**What to produce:** Each line of the data that mentions the string "This" needs to be identified and copied.

**The records:**
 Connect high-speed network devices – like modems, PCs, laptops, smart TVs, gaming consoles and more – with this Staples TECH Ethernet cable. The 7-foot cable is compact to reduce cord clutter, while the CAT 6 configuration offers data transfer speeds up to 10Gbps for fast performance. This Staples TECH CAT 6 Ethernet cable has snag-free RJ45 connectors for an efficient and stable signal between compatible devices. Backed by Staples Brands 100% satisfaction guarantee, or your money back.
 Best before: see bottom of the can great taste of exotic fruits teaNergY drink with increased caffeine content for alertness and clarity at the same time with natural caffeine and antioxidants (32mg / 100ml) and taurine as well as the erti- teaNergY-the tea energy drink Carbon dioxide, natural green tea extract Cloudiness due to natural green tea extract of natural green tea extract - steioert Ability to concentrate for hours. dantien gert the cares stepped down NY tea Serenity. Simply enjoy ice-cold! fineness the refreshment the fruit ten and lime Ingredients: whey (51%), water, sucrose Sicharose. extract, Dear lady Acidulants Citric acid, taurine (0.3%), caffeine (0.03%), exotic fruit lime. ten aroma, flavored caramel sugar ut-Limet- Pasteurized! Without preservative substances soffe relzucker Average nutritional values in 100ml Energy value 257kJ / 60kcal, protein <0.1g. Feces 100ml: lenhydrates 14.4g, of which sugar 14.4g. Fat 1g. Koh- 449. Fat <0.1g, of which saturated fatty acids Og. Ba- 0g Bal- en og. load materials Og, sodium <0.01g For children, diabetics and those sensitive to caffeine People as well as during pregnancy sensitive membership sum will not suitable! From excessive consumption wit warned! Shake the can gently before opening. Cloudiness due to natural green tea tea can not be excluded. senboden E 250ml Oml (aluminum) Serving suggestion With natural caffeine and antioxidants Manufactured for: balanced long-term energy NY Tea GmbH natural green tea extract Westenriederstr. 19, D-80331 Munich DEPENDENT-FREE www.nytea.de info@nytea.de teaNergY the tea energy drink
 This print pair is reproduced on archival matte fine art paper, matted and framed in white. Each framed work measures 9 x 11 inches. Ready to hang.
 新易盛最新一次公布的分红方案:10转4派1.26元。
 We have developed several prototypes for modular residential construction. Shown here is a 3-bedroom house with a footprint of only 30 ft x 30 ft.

---

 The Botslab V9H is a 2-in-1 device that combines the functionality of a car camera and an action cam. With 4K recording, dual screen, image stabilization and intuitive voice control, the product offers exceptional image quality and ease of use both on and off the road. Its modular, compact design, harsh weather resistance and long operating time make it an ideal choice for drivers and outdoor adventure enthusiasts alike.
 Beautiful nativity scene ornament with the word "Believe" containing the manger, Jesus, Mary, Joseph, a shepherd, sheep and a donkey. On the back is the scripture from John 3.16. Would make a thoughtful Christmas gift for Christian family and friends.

**Task answer:**
 Connect high-speed network devices – like modems, PCs, laptops, smart TVs, gaming consoles and more – with this Staples TECH Ethernet cable. The 7-foot cable is compact to reduce cord clutter, while the CAT 6 configuration offers data transfer speeds up to 10Gbps for fast performance. This Staples TECH CAT 6 Ethernet cable has snag-free RJ45 connectors for an efficient and stable signal between compatible devices. Backed by Staples Brands 100% satisfaction guarantee, or your money back.
 This print pair is reproduced on archival matte fine art paper, matted and framed in white. Each framed work measures 9 x 11 inches. Ready to hang.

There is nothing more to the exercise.